Edge of town - Schiele
Oscila el tiempo. Se hacen largos
estos días de relojes empecinados en una morosa manía circular. Llueve ahí
fuera sobre la ausencia de movimiento que atestiguan los árboles desnudos, las
calles mojadas y el anochecer ceniciento, tardo y callado. Ritmos clandestinos
del moribundo invierno, de almas noctámbulas que se esconden recelosas,
cansadas de estos largos meses, aguardando la luz del nuevo día. Simplemente
describo un escenario: el que es, porque no hay otro. Me me levantado a mirar
lo oscuro tras la ventana, reparo en lo que tengo a golpe de vista y termino
preguntándome por aquello que me falta. Entonces se me improvisa tu imagen y te
digo: ¿Dónde estás, Miralles?
Echo de menos tus cartas. Por
eso, saco el hatillo de sobres que las guardan y, desde ese llevadero
desconsuelo de la distancia, releo alguna de las líneas que, como surcos en la
tierra, has ido sembrando de palabras para mí. Según lo hago, noto cómo algo me
aparta de este oscurecer húmedo y gris, despabila mis sentidos y me inocula más
de un pretexto para retomar el lazo que nos une e imaginar que estás en el otro
cabo, sintiendo el breve tirón que imprimo desde el mío... para decirte que
estoy aquí. Tal vez hoy tengo los biorritmos bajos, un valle en lo intelectual,
escaso el rendimiento. Llevo un tiempo en que apenas escribo, a causa del
ruido: Es el ruido el que no me deja escribir, el ruido de las pequeñas cargas
y pesadeces cotidianas. Pero, sin saber cómo, invento este vuelo de palabras,
como si al dirigirme a ti, recobrara el tono en las mejillas, el color. Sí, el
color del momento cambia, cuando te hago destinataria de mis pensamientos, y
deserta mi ánimo del invierno exterior para irisarse en un limbo doméstico de
sereno y agradable recogimiento. Exploro las posibilidades de comunicarme
contigo, más allá del pensamiento y la palabra, del gesto intuido; más allá de
la definición de este ámbito de amistad que hemos sabido crear. Te escribo, te
llamo por tu nombre, te construyo, y compruebo que, en la medida en que interpreto
algo, lo estoy desarrollando, edificando. La misma vida, el hecho de vivir
(decía, en El túnel, María Iribarne)
“consiste en cimentar futuros recuerdos”. ¿Qué haremos de los nuestros, algún
día, cuando los pasajes de hoy sean eso, justamente recuerdos?

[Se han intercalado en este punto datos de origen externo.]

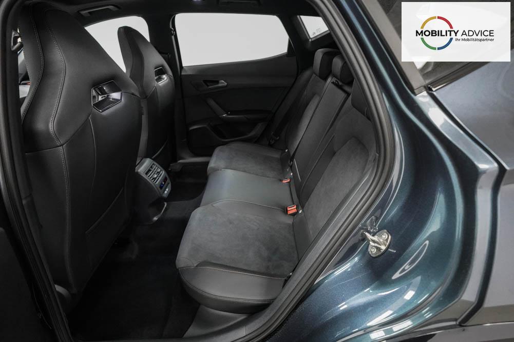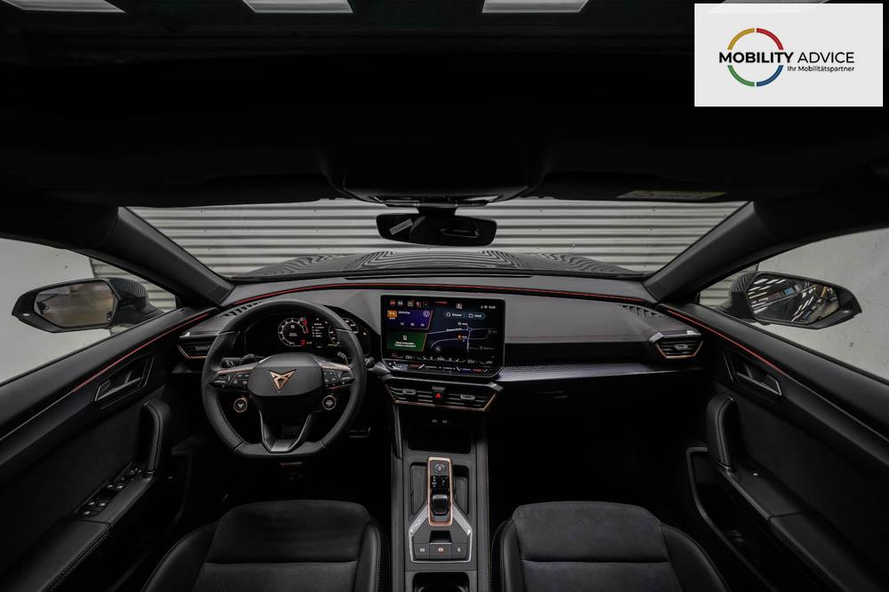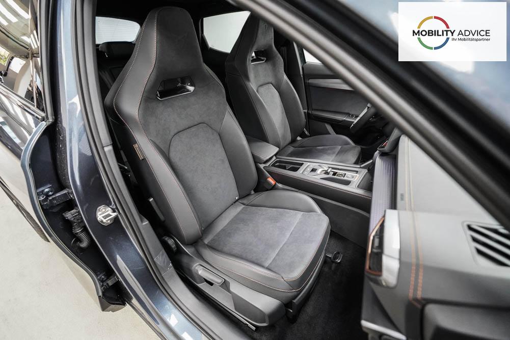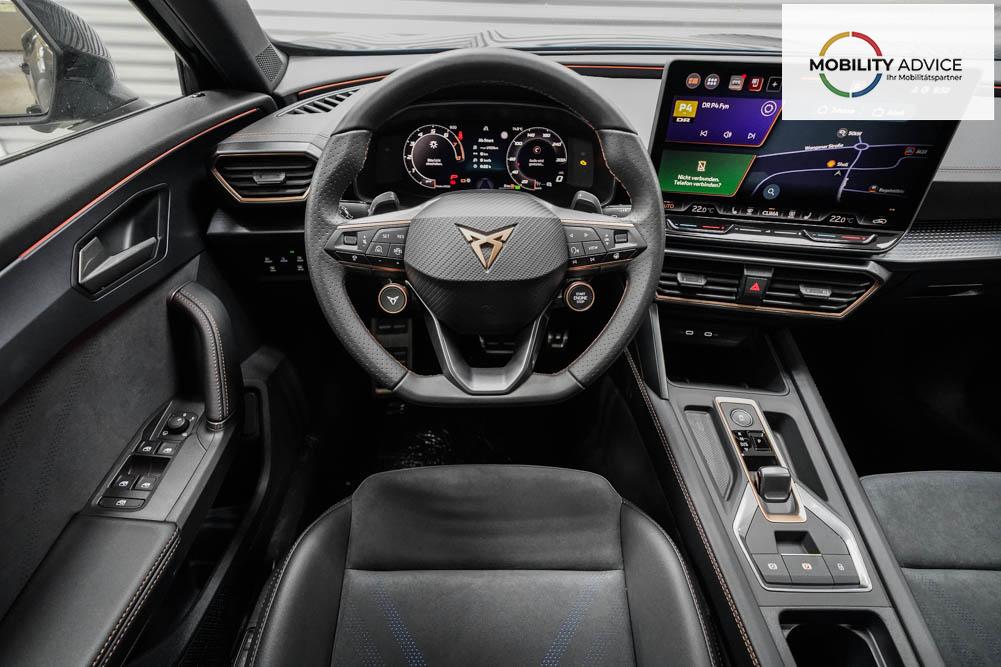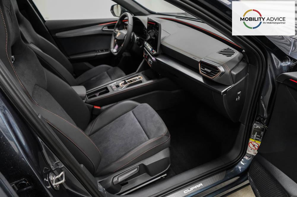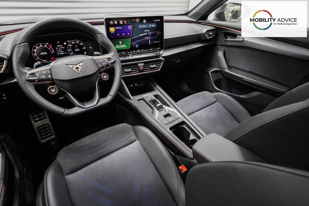 Beifahrersitz höhenverstellbar, Fahrersitz höhenverstellbar, Lederlenkrad, Lendenwirbelstütze, Mittelarmlehne vorne, Sportsitze, Gepäckraumabdeckung, geteilt umklappbare Rücksitzlehne, Lenkrad höhenverstellbar, Sitzbezug Dinamica, Elektrisch verstellbarer Fahrersitz mit Memory, Beheizbares Lenkrad, Multifunktionslenkrad mit Satellitentasten, Isofix, Isofix Beifahrersitz, abgedunkelte Scheiben, 19 Zoll Alufelgen Sandstorm, Dachreling schwarz, ABS, Alarmanlage, Außenspiegel elektrisch, Fensterheber elektrisch, Kopfairbags, Nebelscheinwerfer, Schiebedach, Seitenairbags, Servolenkung, Sitzheizung vorne, DCC, ESP, Wegfahrsperre, Außenspiegel beheizbar, Beifahrerairbag, Fahrerairbag, Parkpilot hinten, Parkpilot vorne, Reifendruckkontrolle, Regensensor, Lichtsensor, Digital Cockpit, Anhängekupplung schwenkbar, Tempomat Abstand ACC, Fernlichtassistent, Spurhalteassistent plus, Totwinkelassistent, Verkehrszeichenerkennung, LED Matrix Scheinwerfer, Tagfahrlicht, Pannenset, Rückfahrkamera, Intelligent Park-Assistent, Panoramadach, Elektrische Heckklappe inkl. Virtual Pedal, KeylessEntry, StartStopSystem, Innenspiegel automatisch abbl., Müdigkeitswarnsystem, Notrufsystem, Schaltwippen, Klimaautomatik 3-Zonen, 360-Grad-Kamera, Geschwindigkeitsbegrenzer, Android Auto, Apple Carplay, Freisprecheinrichtung, Induktionsladestation, Sprachsteuerung, USB, Radio DAB, Bluetooth, Bordcomputer, Radio-Navigationssystem, Cupra Full Link, Full Link, Schalensitze vorne, variabler Ladeboden, Exit Assist, Stauassistent, Pre-Crash, erweiterte Herstellergarantie 5 Jahre/100.000km,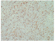 2例肿瘤细胞均表达Vimentin、CD31、Fli-1、ERG(图10,图11);部分表达D2-40;不表达CD34、CD99、SMA、S-100、SOX-10、CD117、Dog-1、CD3、CD20,例1 Ki67阳性细胞指数约95%,不表达CKpan;例2 Ki67阳性细胞指数约70%,表达CKpan(图12)。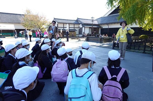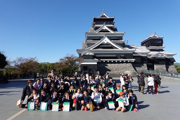熊本城では、熊本地震から復興途上のようすや、城のつくりや歴史等を深く学ぶことができました。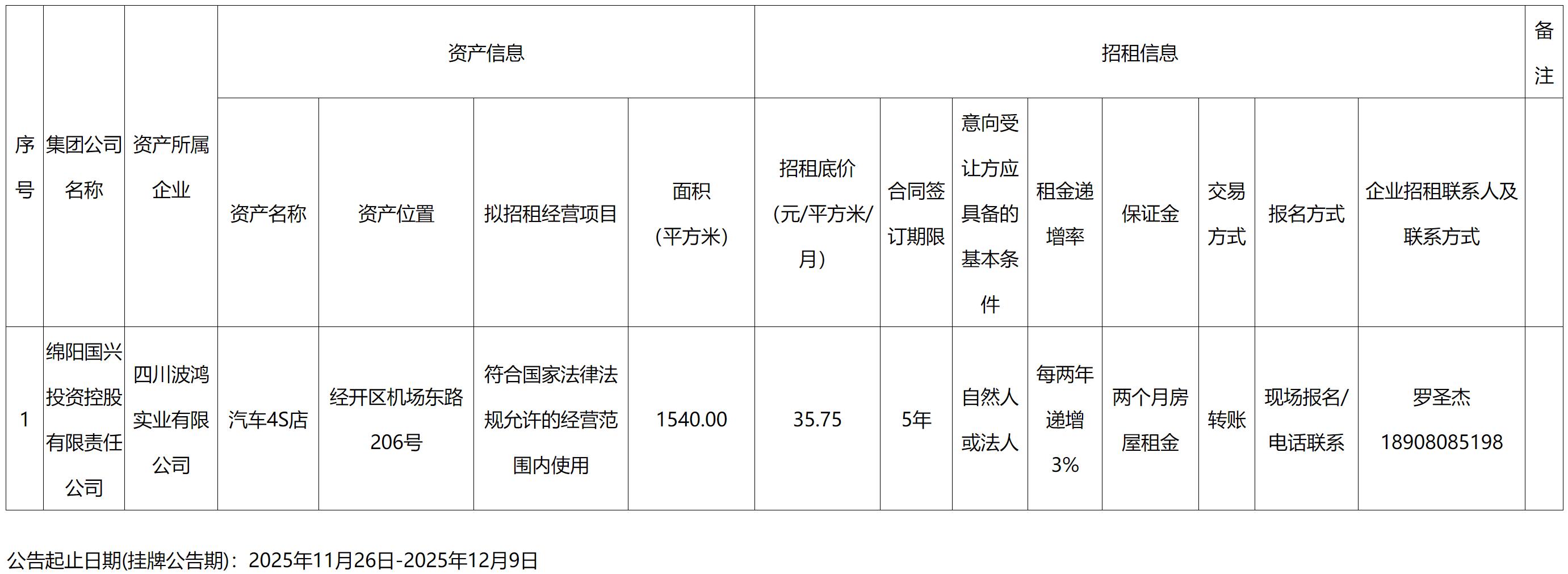 綿陽國興投資控股有限責(zé)任公司資產(chǎn)出租公告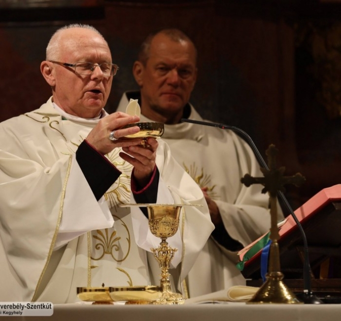 Varga Lajos a napi evangélium kapcsán Jézus hitéletünkben betöltött központi szerepéről elmélkedett. Amikor Jézust bemutatták a templomban, két olyan ember jelenlétében tették, akik már nagyon várták a Megváltót. Az egyik a bölcs Simeon volt, aki hálát adott az Úrnak, hogy megláthatta az üdvösséget, azt, aki Világosságul jött a világba. A másik Anna próféta asszony, aki nem távozott el a templomból, hanem böjtöléssel és imádkozással szolgált éjjel és nappal, és várta, hogy eljöjjön a Megváltó. Ennek a két idős embernek az élete beteljesedett, mert akire vágyakoztak az eljött: látták és felismerték az Üdvözítőt. Hogy van ez a mi életünkben? Erre a kérdésre mindenki megkeresheti a választ imáiban.
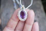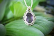 宝石★紫水晶★ファセットカット アメジスト マクラメネックレス 1875
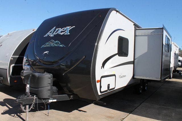 This 2016 Apex Ultra Lite By Coachmen has an Electric Tongue Jack and Outside Kitchen, It's comforts include....2 Slide-outs, 1 Roof A/C, Double Door Refrigerator, Main Awning, CD Radio, TV, DVD Player, Outside Shower, Microwave, 3 Burner Range and Oven. Perfect for a couples retreat or small family get away. A Must See!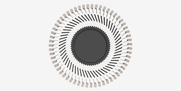 Кожна з 59 біонічних лопатей має товщину всього 0,1 мм, повністю виконана з металу і забезпечена двома стабілізувальними канавками.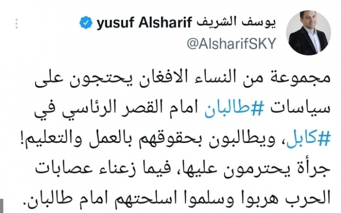 وأوضح في تغريدة على حسابه بموقع التدوين المصغر تويتر، اليوم أن هناك: "مجموعة من النساء الأفغان يحتجون على سياسات طالبان أمام القصر الرئاسي في كابل، ويطالبون بحقوقهم بالعمل والتعليم".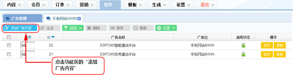 2、在廣告內(nèi)容管理當(dāng)前窗口區(qū),點(diǎn)擊功能區(qū)的“添加廣告內(nèi)容”;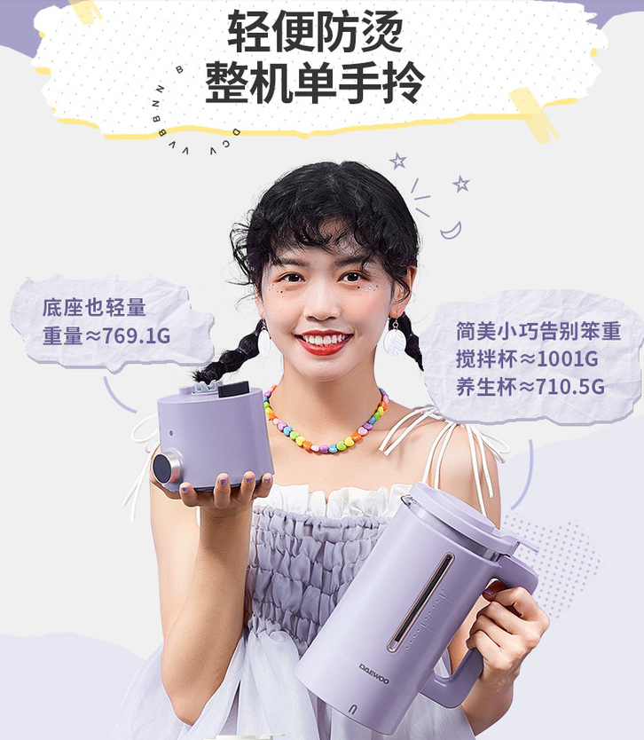 暮光紫、流云白,两个颜色都很好看,有了它早上打豆浆,下午还可以做喝花茶、奶昔、果汁,平时还能在家给宝宝温奶,真的非常实用了!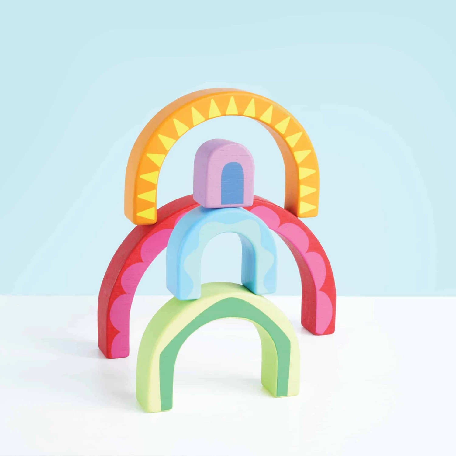 This cheerful Le Toy Van Rainbow Tunnel Stacker in pretty primary colours makes a great toy to inspire open ended, Montessori inspired play. Designed by our skilled toy makers and crafted from solid rubberwood, this toy is designed for endless creative play, for wherever little imaginations take them.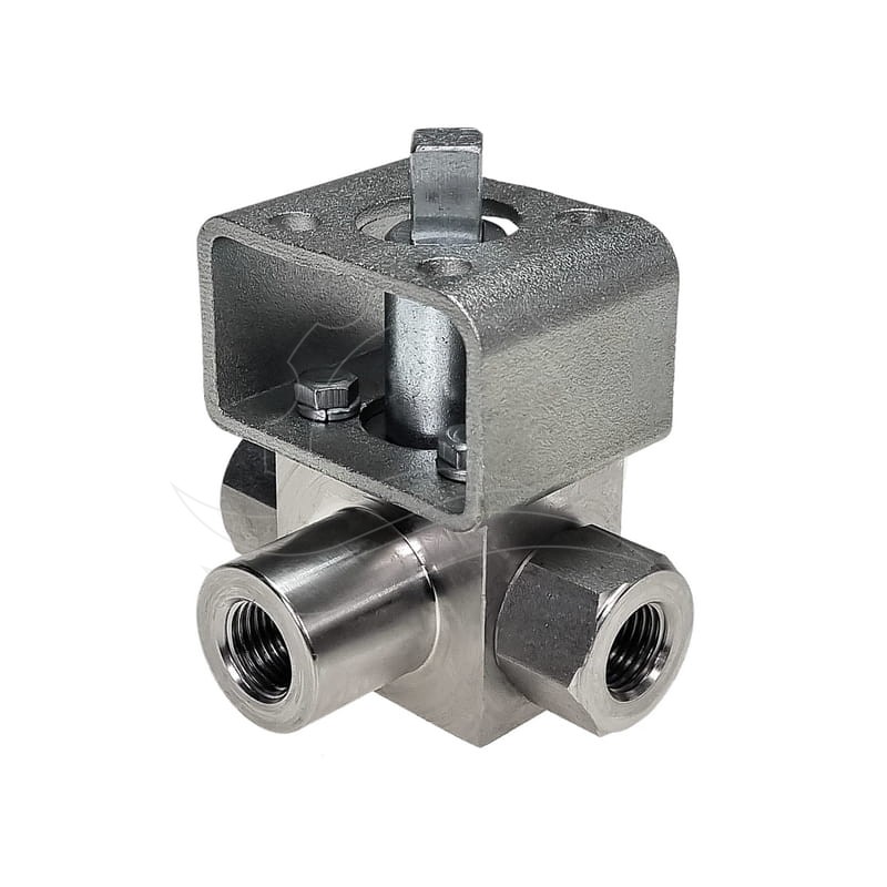 3-way ball valve made of stainless steel. 6mm passage. Permissible pressure 500 bar. Teflon seals.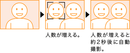 フレーム内に撮影者が加わり、人数が増えたことを判断してから人物にピント・露出を合わせ、約2秒後に自動的にシャッターが切られます。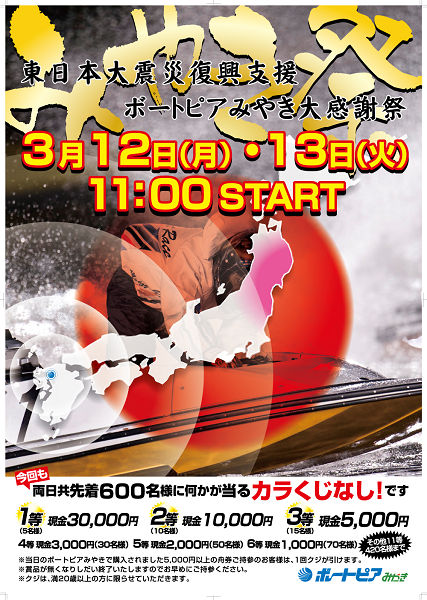 『3月のみやき祭は「東日本大震災復興支援&ボートピアみやき大感謝祭」』11時スタート
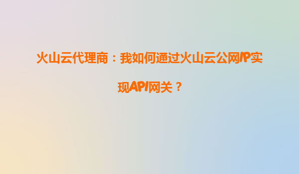 火山云代理商指南:如何通过公网IP实现API网关部署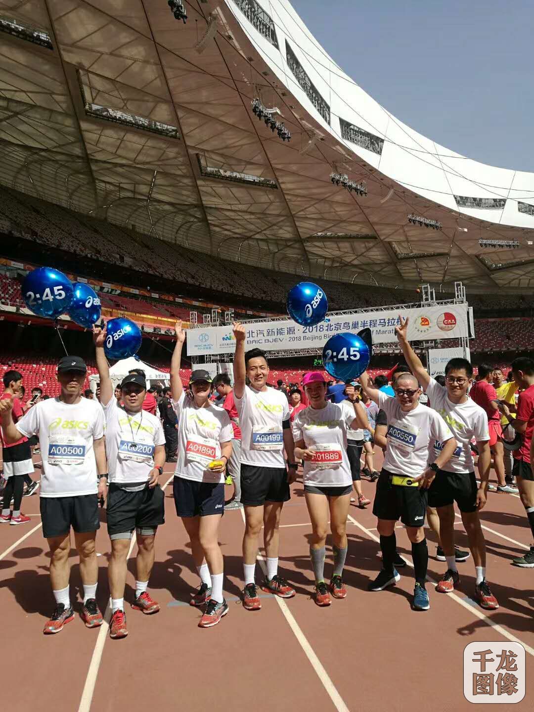 5月6日,2018北京鸟巢半程马拉松鸣枪开跑,来自22个国家及地区近13000名跑者参加。图为首都媒体跑团领队汪涌(右二)和众多领跑员在一起。千龙网发 图片来自汪涌朋友圈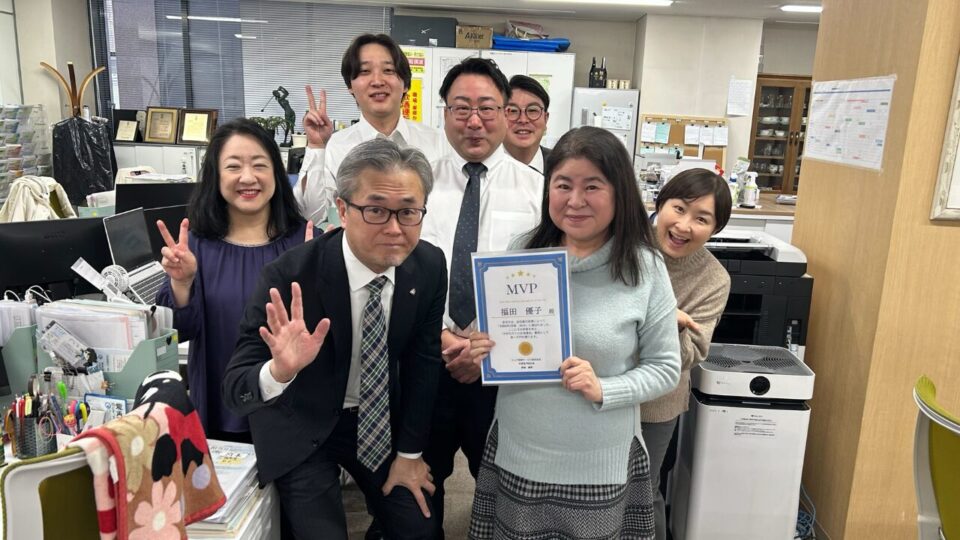 1月のMVPは福田さんでした!!サービス部の担当のお客様の満期対応や新規の見積もり対応の完璧さが輝いていました✨ いつも周りを見て、みんなのサポートをしてくださり、ありがとうございますっっ😊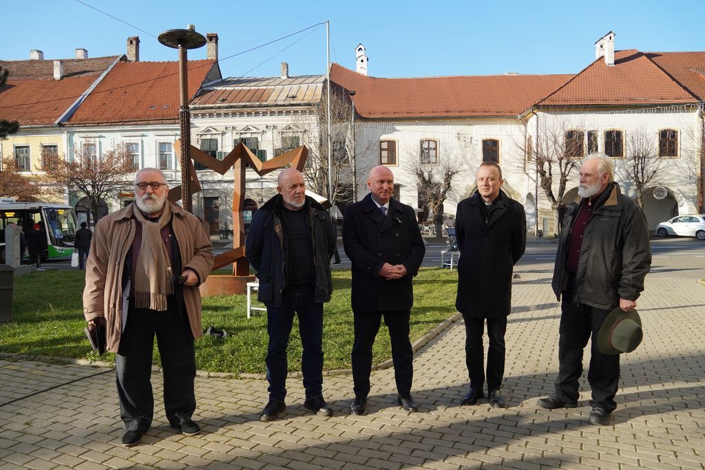 ”Veșmânt”, ”Steaua Magilor”, ”Cuiburi”, ”Marele Pelican”, ”Mâini spre Slavă”, ”Cuiburi spre Cer”, ”Noul Legământ” și ”Pelican pe Plaur” sunt cele ”Opt puncte de convergență” pe care sculptorul Radu Feldiorean le-a expus în piațeta din jurul Bisericii Evanghelice din Bistrița, o invitație la rugăciune și meditație în aceste zile premergătoare Nașterii Domnului.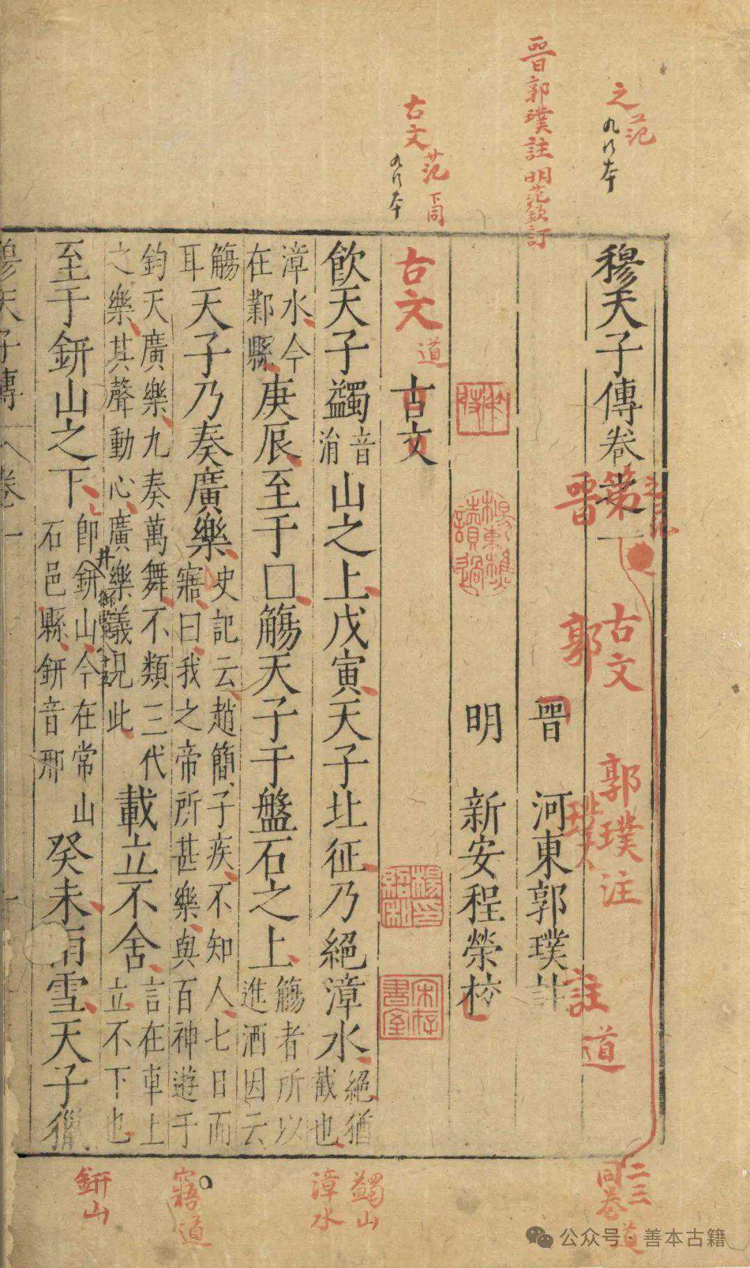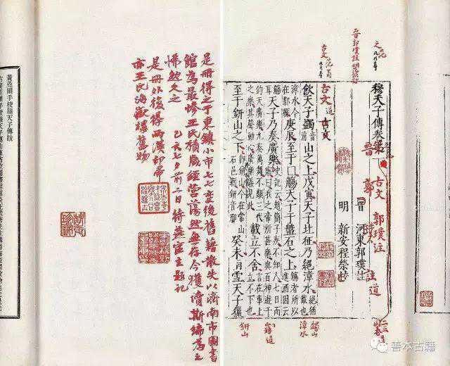 1980年,顾廷龙先生在为周先生撰写《自庄严堪勘书图跋》时也记录了两人讨论《穆天子传》一事,称:周叔弢先生“尝收藏黄荛圃校《穆天子传》一书,为王君献唐故物,曾付景印,或以为影印本与先生所藏原本略有出入,遂传真本尚在山东某氏,秘不示人,称与影印本丝毫不爽。龙请观比勘,影印本与原本确有不同之处,如朱笔之深淡,校文位置之参差,点画略见肥瘦,谛审再三,始怳然当时影印条件较差,摄影、套版、描润三者技术皆不精,遂失真面,滋人疑窦耳。其为黄校亲笔,固无庸致疑矣。具见明眼精鉴,非后生所能企及万一也。”(《顾廷龙文集》第244页)新中国成立后,周叔弢先生将自己珍藏的全部宋椠元刊、名抄佳刻举献国家。这部黄氏校跋本《穆天子传》,遂化私为公,入藏天津图书馆。现已入选第二期《国家珍贵古籍名录》。

¡Ah, algún día! Eso me remite al
tiempo, esa trampa vital, la emboscada que el azar nos tiende obligándonos a
transitar por tan insospechados senderos. Hay algo tan inapelable en la velocidad
con que se sucede todo, que decir mañana no es muy distinto a decir hoy. Y me
pregunto si cuando escribo no hago sino, estúpidamente, desafiar el paso del
tiempo. Escribir. Tal vez el arte nace de la necesidad de expresar y crear,
pero también de trascender la insignificancia que supone ser uno y único, ante
el cosmos y ante la vida. Escribo, entonces; sí, pero más que por perpetuarme
en no sé qué inabordable quimera, hoy escribo sólo para que existas, Miralles.
Y felizmente lo consigo.
Ha avanzado indiferente la noche
ahí fuera y, con ella, la oscura quietud. Todo parece haberse detenido: la
gente, el tiempo, la misma tierra que nos acoge... mientras miro con reproche
el reloj, recojo un par de cosas y, antes de retirarme, tiro una vez más
suavemente del lazo con mis manos e imagino que sientes su momentánea tensión en las tuyas.
Luego, te envío un beso y apago todo.